Lesson 4
Pronouns: Interrogative, Relative,
Demonstrative, and Indefinite
Use an
interrogative pronoun
to form questions.
Interrogative pronouns are who, whom,
whose, what, and
which. Other interrogative pronouns are
whoever, whomever, whatever,
and
whichever.
Whatever gave you that absurd notion?
Use a
relative pronoun
to begin a subject-verb word group called a subordinate clause.
The
last senator who stabbed Caesar was his friend Brutus.
RELATIVE PRONOUNS
who
whom
what
which
that
whoever
whomever
whatever
whichever
whose
Exercise 1
Draw one line under each interrogative pronoun and two lines under each relative
pronoun.
Who would have imagined how some of the famous car designers started out?
1. Frederick
Henry Royce, who as a boy served as an apprentice on the Great Northern Railroad,
later started his own company.
2. Royce Limited, a company that manufactured electric cranes and dynamos, did not make cars.
3. The
industrialist, whose origins had been in poverty, achieved considerable success with his
cranes by the age of forty.
4. What interested Royce about the possibility of making a car?

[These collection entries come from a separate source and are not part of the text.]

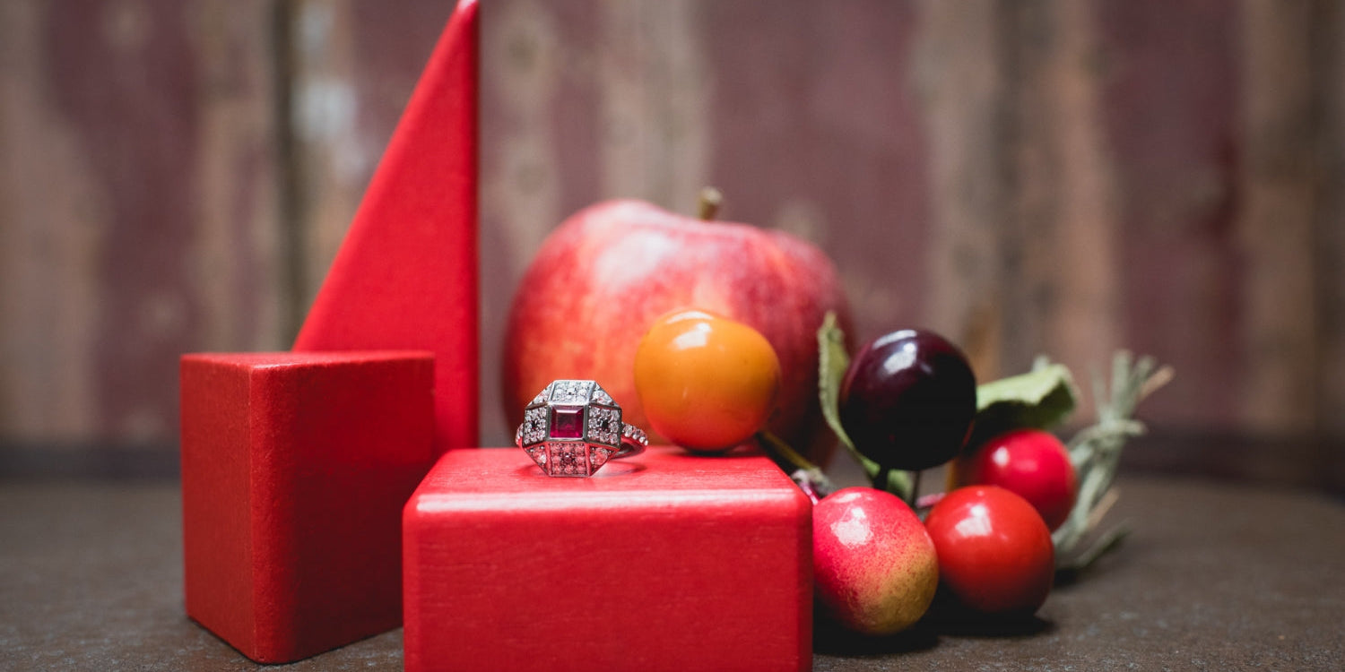 Baguette cut stones feature widely in Hattie's designs, and details such as channels of diamonds set on the sides of the rings allow beautiful views from all angles.
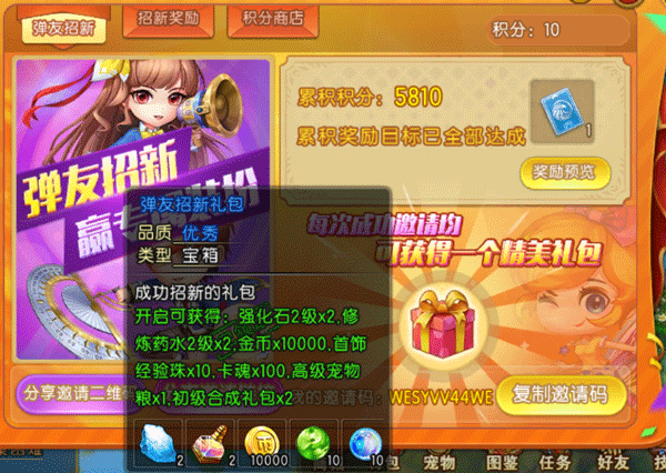 每周都可以在弹友招新中领取一个“弹友招新礼包”,打开后可获得强化石。
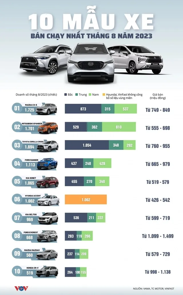 10 mẫu xe ô tô bán chạy nhất tháng 8/2023
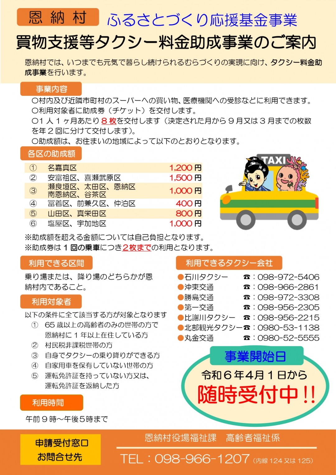 高齢になっても安心して暮らし続けられる村づくりの実現に向け、自らの移動手段の確保が困難な高齢者がタクシーを利用する場合において、その料金の一部を助成する買物支援等タクシー料金助成事業を行います。2、事業内容

5. We do not know for certain what Royce’s answer to that question would have been.
6. Whatever
his dreams were, the fact is that the former rail shop worker had developed poor
health.
7. His friends encouraged him to buy an automobile, which they
hoped would get his mind off
his condition.
8. In those early days all autos, which were fascinating to almost everyone,
delighted engineers
prone to tinkering, adjusting, and improving.